Rusya’daki Wagner kalkışmasını duyunca aklıma Makyavelli geldi. Dünya daha 40 yıl öncesinde birbirine kenetlenmiş iki blok halinde birbirine karşı mücadele ediyordu. Ama Glasnost ve Perestroika Doğu blokunu darmaduman edince kümesin kapısı açık kaldı ve tavuklar teker teker kaçmaya başladı. Karşı ağırlık ortadan kalkmaya yüz tutunca Batı’da da uyumlu korodan çatlak sesler çıkar oldu. Bloklardaki merkezi ağırlık azalınca ikili mücadeleden çoklu mücadele geçiş adımları geldi. Her kafadan bir ses çıkıyordu. Bütün tavuklar kendi başlarına buyruk olmak istiyorlardı.
Kongre baskınından Wagner isyanına
Yılların NATO’su bile tek sesli olmaktan çıktı. Türkiye, Macaristan derken çanak çömlek Rusya’da patladı. Rusya’nın günümüzün modası vekalet savaşlarını yürütmek için bir enstrüman gibi dizayn ettiği, birkaç yerde başarılı bir şekilde kullandığı Wagner adlı devşirme paralı askerler, Osmanlı tabiri ile kazan kaldırdı. Tam da Amerika’yı karpuz gibi ortadan yaran, Demokratlarla Cumhuriyetçiler arasındaki kavganın boyutları Kongre binasını basmaya, eski bir Başkanın hapse atılmasına varabilecek hukuk savaşlarına kadar uzanırken, yani dünya Atlantik ötesinden bir kroşe beklerken, kroşe ters taraftan geldi. Rusya’da görülmedik bir iş oldu, bir başkaldırı başladı, Putin’in deyimiyle darbe belirtileri görüldü. Her şey karışınca NATO’da ani toparlanma, Rusya cephesinde dağılmaya tanık olduk ve çanak çömlek patladı.
Bence bu durumda ne olup biteni anlamak için biraz geriye dönmek, girişte sözüne ettiğim Makyavelli’nin 15. Yüzyılda küçük prensliklere bölünmüş İtalya’da, bu prensliklerin birbirlerine karşı giriştikleri kavgada birbirini alt etmek için izledikleri kısa süreli ittifaklar politikalarını, strateji ve taktikleri incelemek gerekir diye düşünüyorum.

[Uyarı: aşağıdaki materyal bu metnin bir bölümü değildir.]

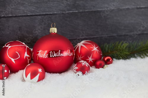 Frohe Weihnachten als Text auf Weihnachtskugel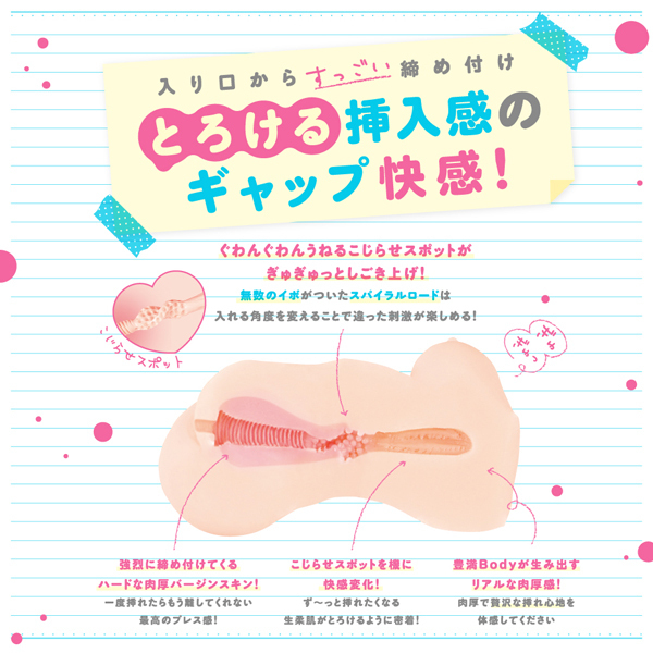 ぐわんぐわんうねるこじらせスポット搭載!ずっしり肉厚540gの豊満Bodyはとっても贅沢な挿れ心地!強烈に締め付けるハードなバージンスキンの入口から、ずーと挿れたくなるようなとろとろソフト素材への快感の変化を楽しめます!真ん中に配置されたこじらせスポットは、ピストンのたびにぎゅぎゅっとしごき上げ!締め付け・こじらせ・生柔肌の3つの快感。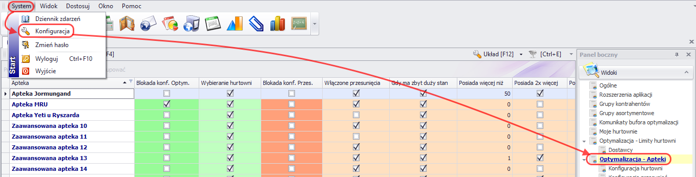 - Istnieje także możliwość określenia domyślnych ustawień ilości dni zatowarowania z poziomu menedżera dla poszczególnych aptek w sieci. Należy wejść w System -> Konfiguracja -> Optymalizacja – Apteki: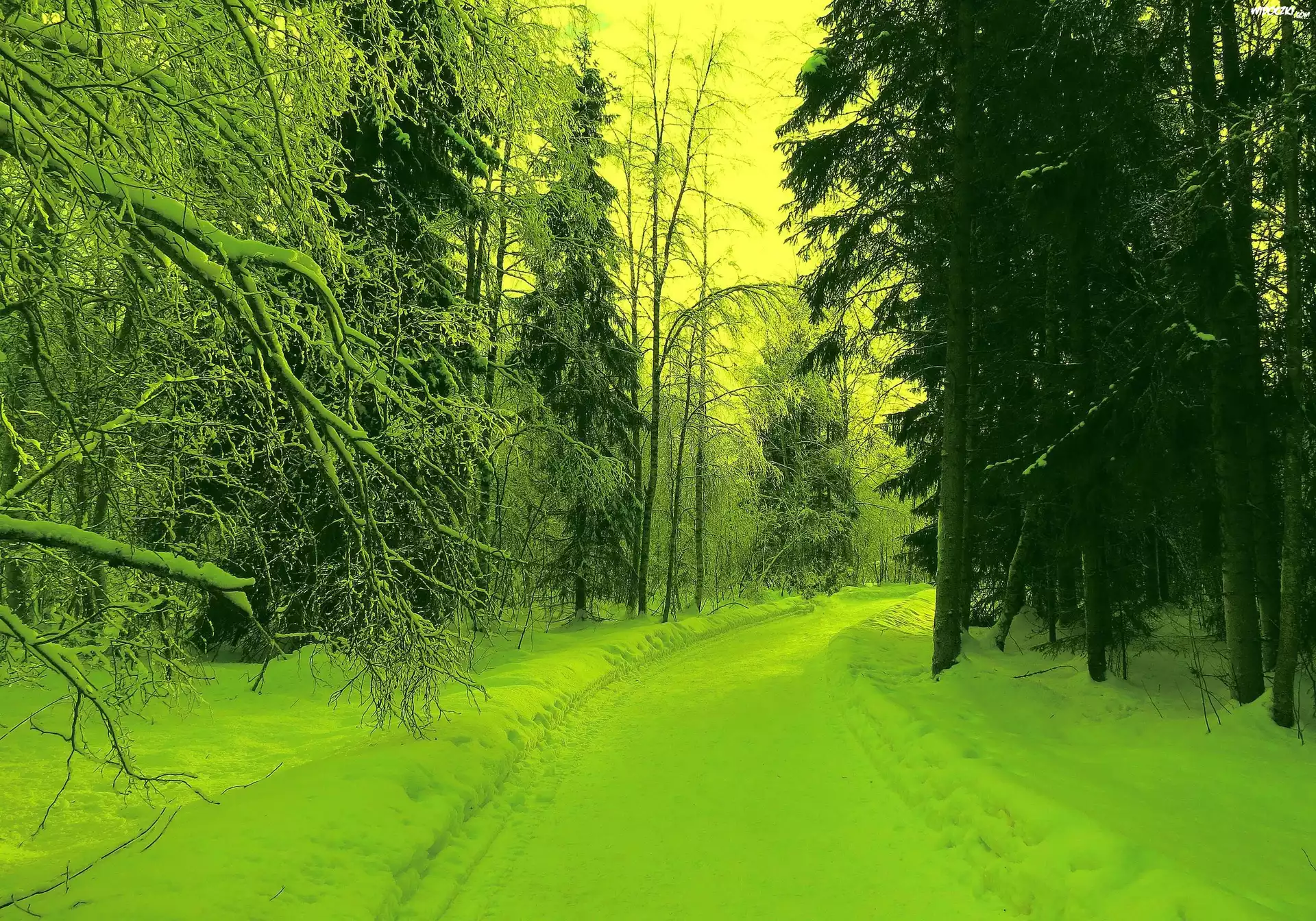 Zdjęcia, Las, Droga, Śnieg
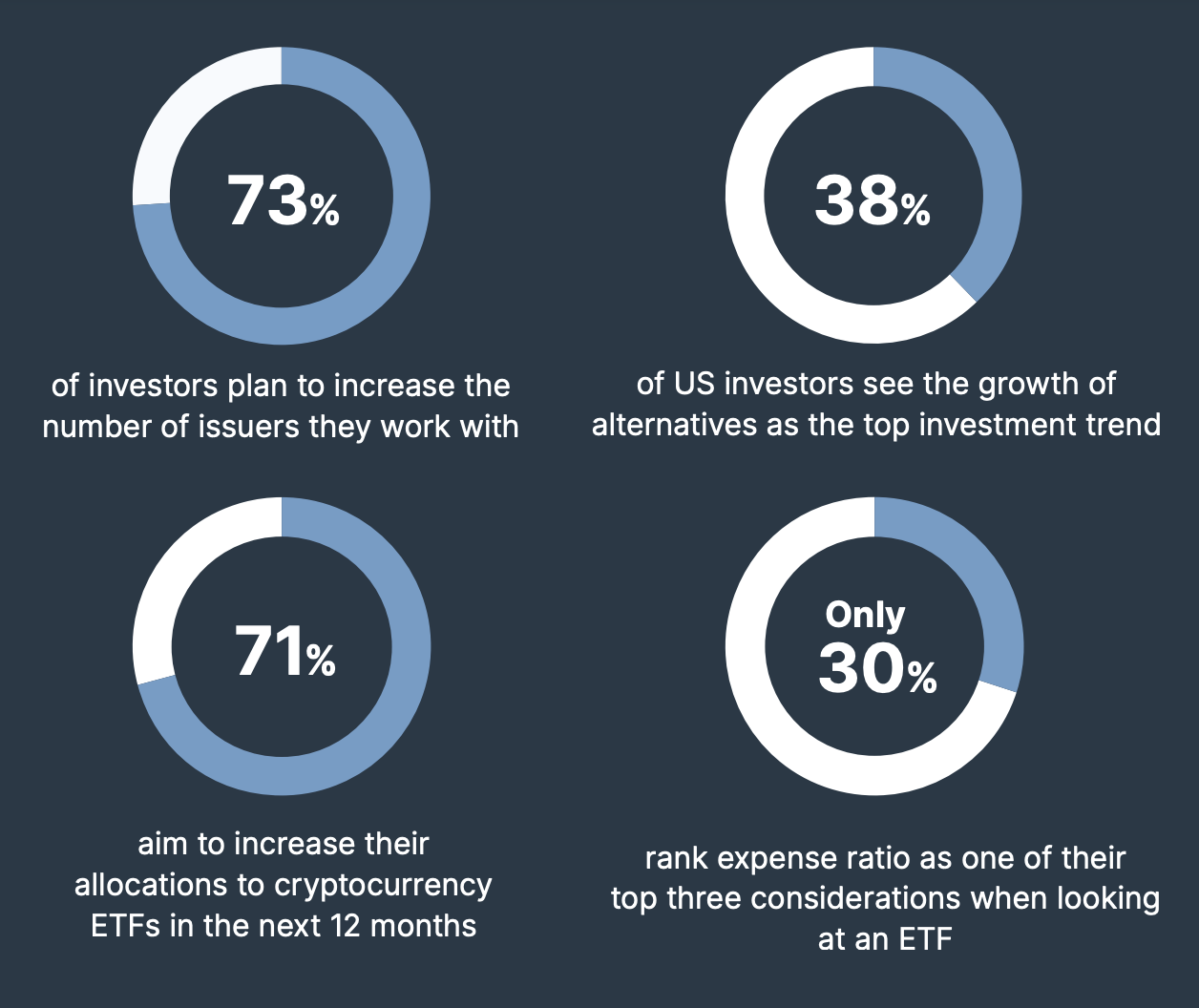 “Buone notizie per il pubblico crypto, il 71% [degli investitori intervistati] ha dichiarato di voler aumentare la propria allocazione agli ETF crypto nei prossimi 12 mesi. È più di quanto avrei pensato, avrei ipotizzato il 40-50% e sono piuttosto ottimista su questo settore, relativamente parlando,” ha affermato Eric Balchunas, un noto analista di ETF.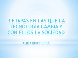 El documento describe 3 etapas en las que la tecnología ha cambiado la sociedad: 1) Fordismo (1910-1960) centrado en la producción masiva; 2) Postfordismo (1970-1990) con diversificación de productos; y 3) Sociedad de la información (1990-presente) donde priman las ideas, la creatividad y las relaciones menos limitadas por el espacio y tiempo. También analiza cómo estos cambios influyen en el trabajo de los maestros, quienes deben fomentar la curiosidad, la innovación y prepararse para hacer un uso posit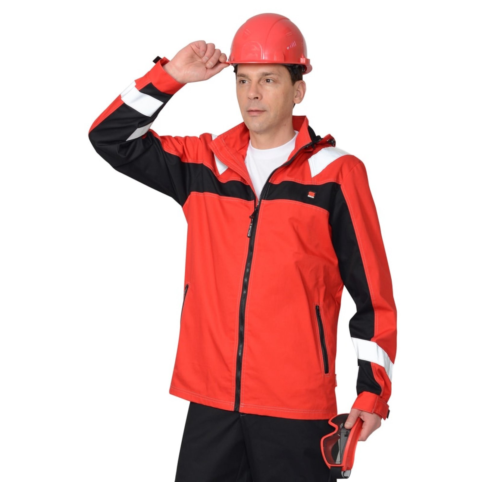 Куртка длинная, с воротником "стойка", с центральной застежкой на молнию, внутреним ветразащитным клапаном в верхней части правого борта и нижними прорезными карманами на молнии.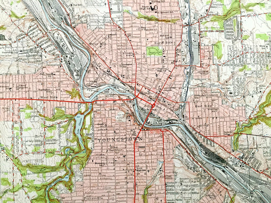 Antique Youngstown, Ohio 1954 WALL SIZE US Geological Survey Topographic Map – Mahoning County, Trumbull, Downtown North Heights Hazelton oh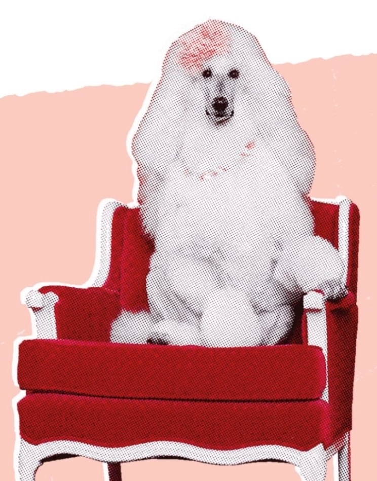 椅子に座ったプードルの写真をご覧ください』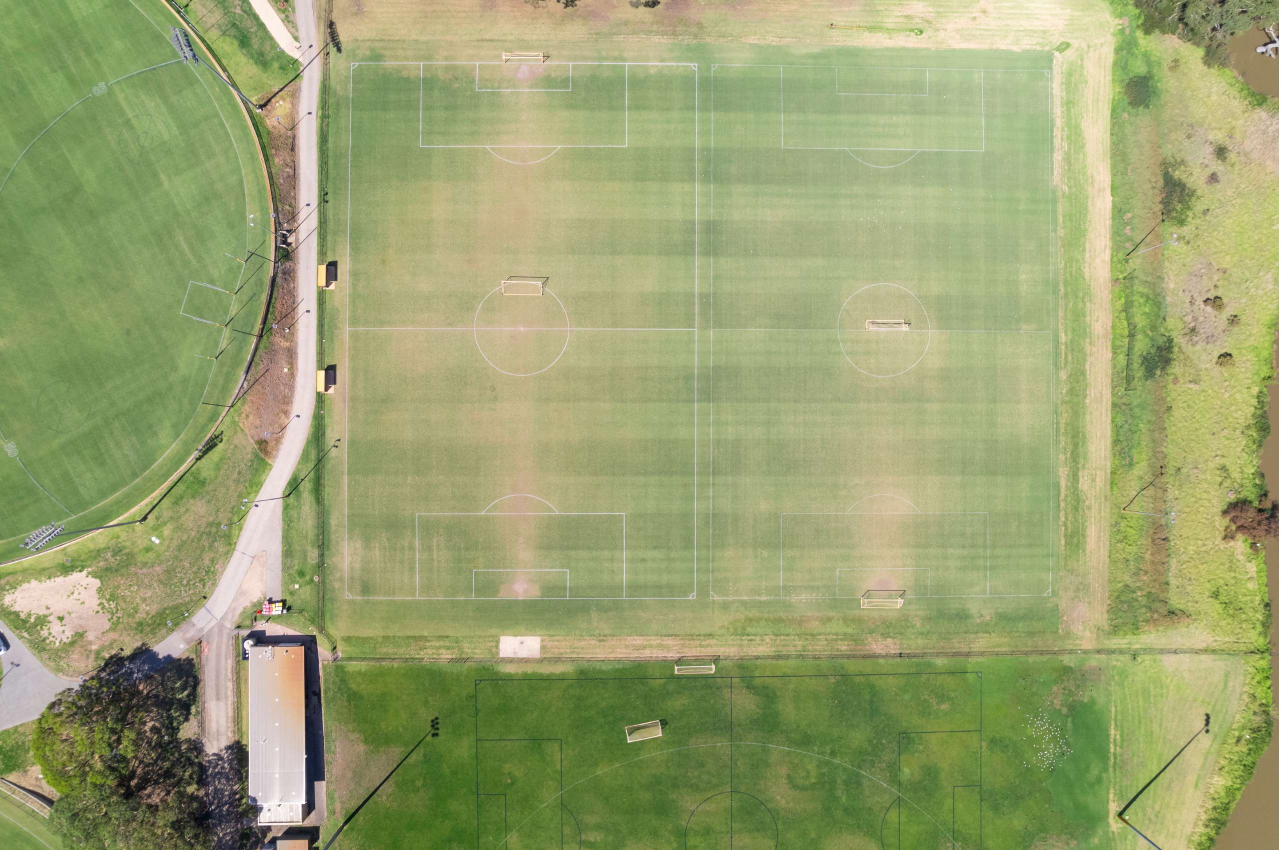 Located in the heart of the Sports Park Precinct, the Academy Fields are largely programmed for two side-by-side football (soccer) pitches.

Bu durumun nasıl üstesinden gelebileceğimiz konusunda buradan yararlı bazı bilgiler edinebiliriz.
Makyavelli ve Kondartiev döngüsü
Makyavelli Prens’te böyle çok faktörlü karmaşık dengeleri anlatıyor çünkü o dönemde İtalya birbirine üstünlük kurmaya çalışan küçük prensliklere böyle düştü ve bunlar sürekli birbiriyle savaş halindeydi ama savaşı sürdürebilmek için ittifaklara ihtiyaçları vardı. Bir bakıyorsunuz Milano Siena ile beraber, öte yanda bir başkası Floransa ile beraber. Roma/Papalık dışında, bir kavga dövüş gidiyor, hatta papalık makamı ile işgal ediliyordu. Bu sefer silahlı çatışma son dakikada önlendiyse de, bu işler bitip gitmedi.
Bu bölünmüşlük ve kör döğüşü içinde bu kargaşadan birkaç on yıla kadar yeni bir dünya düzeni çıkacak, çünkü bu tür sarsıntılardan sonra hep öyle oldu, Vestfalya Barışı, Napoleon Savaşları, Almanya ve İtalya Birliği savaşları, Birinci Dünya Savaşı, İkinci Dünya Savaşı gibi…
Bir başka Nikola’nın, Nikolay Kondratiev’in işaret ettiği gibi bu işler döngüler halinde ilerliyor. İkinci Dünya Savaşı döngüsünün yarattığı düzenin de sonuna geldik galiba. Ama savaşın da maliyeti arttı. Başka çözümler bulmak gerekecek.